EMEA Data Loss Prevention User Group

 View Only
  • 1.  Separating detection of text-based and image-based PDFs in DLP

    Posted Dec 07, 2016 06:29 AM

    Hi

    I've run into an issue with separating deteciton of PDFs that contain machine readable text, and PDFs that only contain an image.

    I've examined the metadata and the only obvious difference is text-based PDFs have a 'font' section, and the code of the PDF itself contains a string TEXTON or TEXTOFF depending on the type.

    I've set a test policy to pick up references to font, TEXTON or TEXTOFF but DLP doesn't see them - but it can see the standard metadata such as Author:, Creator: etc - has anyone been able to solve this?

    Thanks in advance!

    Tim



  • 2.  RE: Separating detection of text-based and image-based PDFs in DLP

    Trusted Advisor
    Posted Dec 07, 2016 07:56 AM

    hi tim,

     I used an other method to detect "analyzable" document, I create a compound rule :

    - detect PDF

    +

    - a simple regexp (like \w+) or very usual keyword (not included in stopwords list) (this will not match if there is only images in pdf document)

     and so i could add other criteria in the rule.

     Regards



  • 3.  RE: Separating detection of text-based and image-based PDFs in DLP

    Posted Dec 07, 2016 11:21 AM

    Thanks Stephane - I tried the regexp \w+ but it picks up the metadata headers even though the PDF is image only - e.g. 'Keywords :' - any thoughts?



  • 4.  RE: Separating detection of text-based and image-based PDFs in DLP

    Broadcom Employee
    Posted Dec 07, 2016 11:57 AM

    Likely the way to take care of this is to create a custom file identifier for PDFs with text and then those that dont.
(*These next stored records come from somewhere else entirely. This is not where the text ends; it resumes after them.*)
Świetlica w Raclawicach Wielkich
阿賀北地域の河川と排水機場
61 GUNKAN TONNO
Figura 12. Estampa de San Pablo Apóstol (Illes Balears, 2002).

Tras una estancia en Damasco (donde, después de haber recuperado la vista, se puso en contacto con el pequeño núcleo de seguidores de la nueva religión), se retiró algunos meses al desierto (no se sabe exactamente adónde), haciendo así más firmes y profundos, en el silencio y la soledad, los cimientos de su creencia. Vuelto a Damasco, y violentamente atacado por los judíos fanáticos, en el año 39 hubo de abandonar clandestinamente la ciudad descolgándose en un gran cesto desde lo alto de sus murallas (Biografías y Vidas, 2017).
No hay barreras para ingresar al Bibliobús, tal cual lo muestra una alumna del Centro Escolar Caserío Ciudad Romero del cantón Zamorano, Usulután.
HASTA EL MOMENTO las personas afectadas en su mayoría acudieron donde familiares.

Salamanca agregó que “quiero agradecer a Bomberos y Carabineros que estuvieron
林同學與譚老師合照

Before going though that I would ask more about the use case. Is is that you are worried about things that need OCR done on them? In that case it might be a use case for our Form Matching technology if the form it is on is standardized and could therefore be indexed.
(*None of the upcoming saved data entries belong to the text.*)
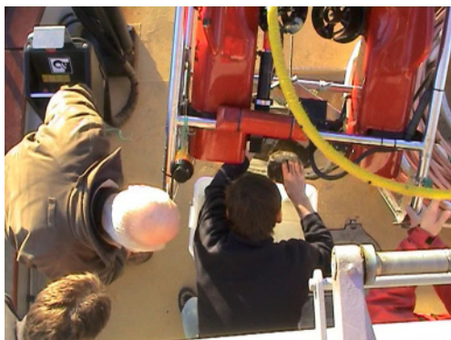
Skelettdelar har plockats upp med ROV:en.

Beräkningar som grundar sig på populationsstorlekar av olika valarter visar att avstånden mellan döda valar på havsbotten inte behöver vara oöverstigliga för larvernas spridning. Det bekräftas också av våra genetiska undersökningar av 19 av de 50 individer som
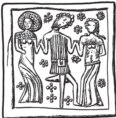
Obr. 10. Sv. Alžběta Durynská s pomocnicí a postiženým. Kachlový reliéf, kolem 1500, Landštejn, hrad.

Abb. 9. Hl. Elisabeth von Thüringen (?) mit einem Behinderten. Kachelrelief, Ende 15. Jahrhundert, Prag, Alt- und Neustadt (Zeichenrekonstruktion).
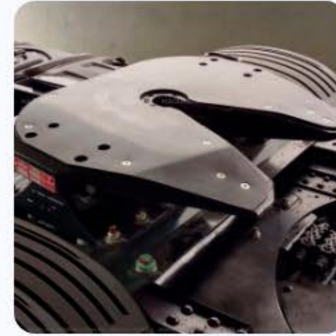
PROTETOR QUINTA RODA
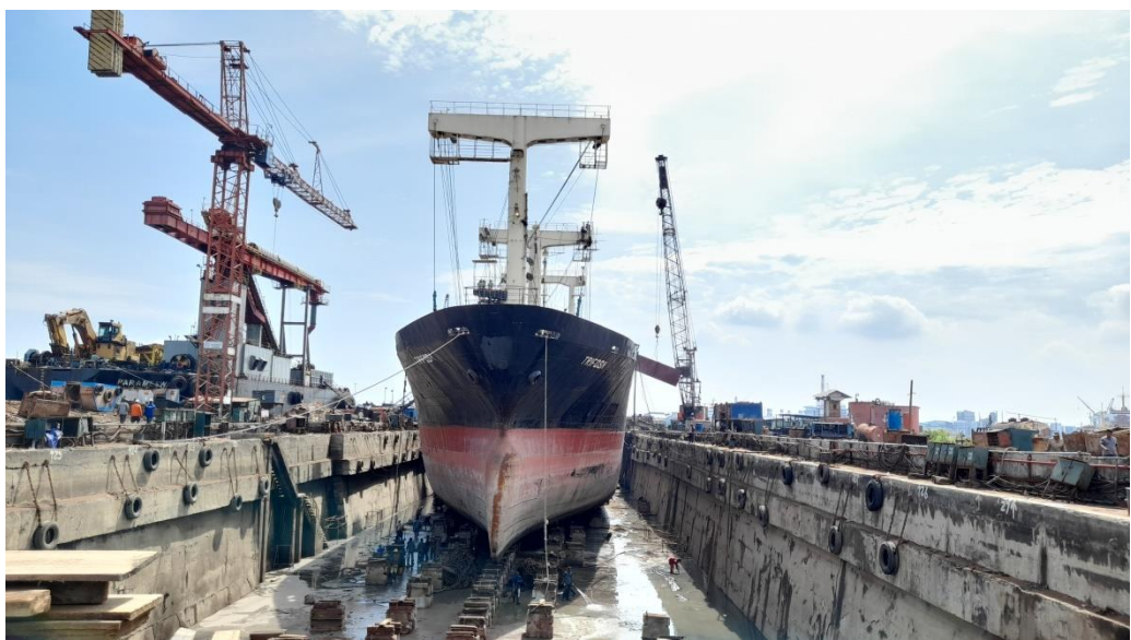
Gambar 1.6 Graving Dock

Graving dock merupakan salah satu sarana yang amat penting di perusahaan ini dimana dengan sarana tersebut, kapal dapat direparasi secara menyeluruh baik bagian di atas air maupun di bawah air. Graving dock juga dapat digunakan untuk membangun kapal baru, tetapi lebih ekonomis dan efisien jika digunakan untuk reparasi kapal. Ukuran graving dock yang ada di PT. Janata Marina Indah ini yaitu berukuran 147,9 m (panjang) x 26,36 m (lebar) x 7 m (tinggi).
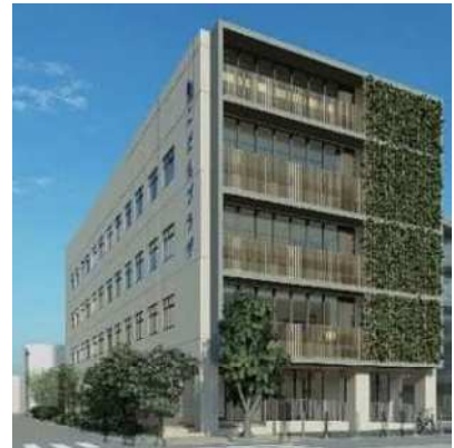
<施設外観(イメージ)>
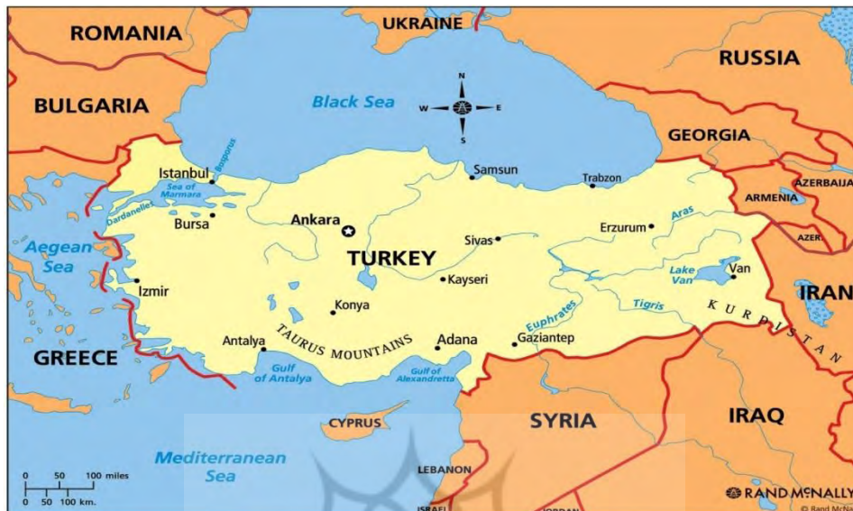
نقشه ۳: کشور ترکیه

کیلومتر و بلغارستان ۲۴۰ کیلومتر. کشور ترکیه ۸۱ استان دارد. مراکز همه استان‌ها به جز سه استان با خود استان همنام هستند. سه استان نامبرده عبارت‌اند از: ختای (مرکز: انتاکیه)، کوجالی (مرکز: ایزمیت)، سقاریه (مرکز: آداپازاری). هر کدام از استان‌های ترکیه به چندین بخش تقسیم شده‌است.
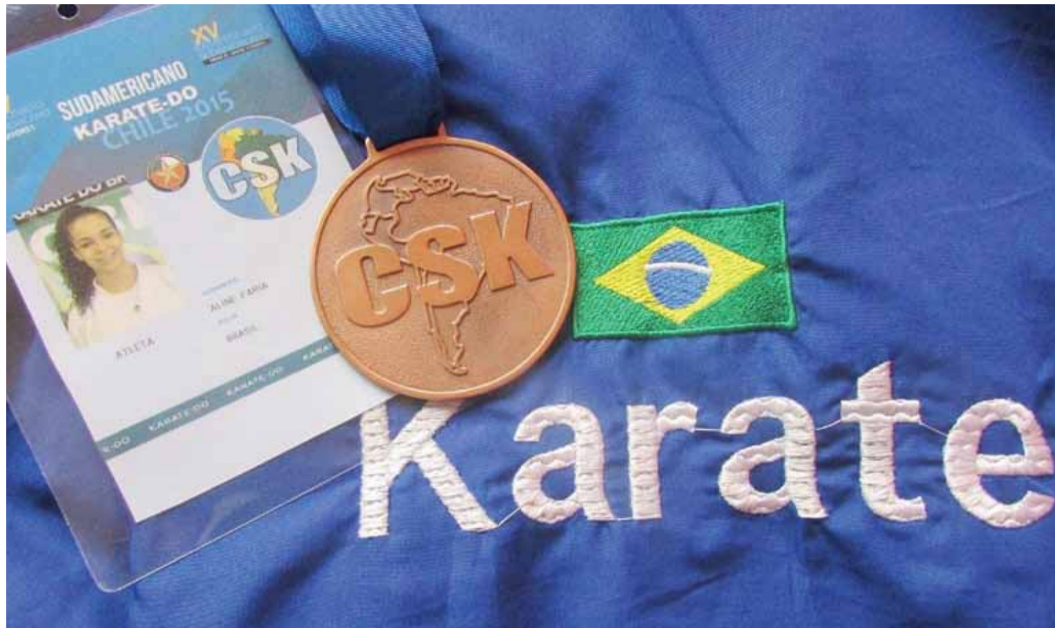
As atletas venceram a Venezuela e o Peru, mas perderam para o Uruguai e ficaram com a terceira posição no pódio.

  • 5.  RE: Separating detection of text-based and image-based PDFs in DLP

    Posted Dec 08, 2016 06:48 AM

    Thanks John - we have some printer/scanners that produce an OCR enabled PDF, and some printer/scanners that don't.  I need to detect them separately, and I already have metadata enabled in the detection servers, so I can see the standard metadata headers in the scanned PDF.
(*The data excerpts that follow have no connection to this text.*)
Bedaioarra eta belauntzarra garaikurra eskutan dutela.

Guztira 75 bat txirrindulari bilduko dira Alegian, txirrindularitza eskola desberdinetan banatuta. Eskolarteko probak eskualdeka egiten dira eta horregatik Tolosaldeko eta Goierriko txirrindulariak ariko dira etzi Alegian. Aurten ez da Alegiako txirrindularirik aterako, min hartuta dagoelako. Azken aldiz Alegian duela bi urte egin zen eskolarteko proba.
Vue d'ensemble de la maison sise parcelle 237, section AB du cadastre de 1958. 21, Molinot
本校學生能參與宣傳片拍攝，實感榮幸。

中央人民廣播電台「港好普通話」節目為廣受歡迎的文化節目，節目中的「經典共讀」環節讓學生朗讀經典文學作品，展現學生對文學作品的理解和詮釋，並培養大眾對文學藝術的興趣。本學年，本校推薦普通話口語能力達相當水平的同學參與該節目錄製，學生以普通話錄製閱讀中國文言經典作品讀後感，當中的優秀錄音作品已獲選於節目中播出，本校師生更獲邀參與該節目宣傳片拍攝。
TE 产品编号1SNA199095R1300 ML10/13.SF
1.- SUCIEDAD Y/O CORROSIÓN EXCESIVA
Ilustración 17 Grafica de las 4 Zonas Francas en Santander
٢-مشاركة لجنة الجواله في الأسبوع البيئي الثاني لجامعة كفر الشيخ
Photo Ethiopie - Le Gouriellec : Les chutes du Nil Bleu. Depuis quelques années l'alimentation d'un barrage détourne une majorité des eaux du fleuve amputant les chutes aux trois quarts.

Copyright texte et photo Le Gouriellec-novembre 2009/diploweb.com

  • 6.  RE: Separating detection of text-based and image-based PDFs in DLP

    Posted Dec 10, 2016 10:37 AM

     I guess turning metadata detection off is one solution (along with the regex for a word character). But i'm sure you have it enabled for a reason.. Alternatively, you could use a regex to look for characters that indicate typical sentences/paragraphs format. For example;

    #Word ending with a full stop, exclamation point or question mark, a space (or new line) then another word (beginning with a capital letter)

    \s\w+[.?!]\s[A-Z]+\s

    You'd assume this would match multiple times in a document, so you could make the threshold 2 or 3+ to make sure you don't get a red herring in the metadata. If you do and it's isolated to a particular property, just add an exception for that particular pattern or keyword aka (Exclude "Keywords:" or "\w+:\s")

    Dean

     

     



  • 7.  RE: Separating detection of text-based and image-based PDFs in DLP

    Posted Dec 10, 2016 10:41 AM

    Something that came to me after I submitted above reply, but I haven't tested. If using Vector Machine Learning (VML) and you gave it positive examples of text-based PDFs and and negative examples of image-based PDFs, it may be a very good option also.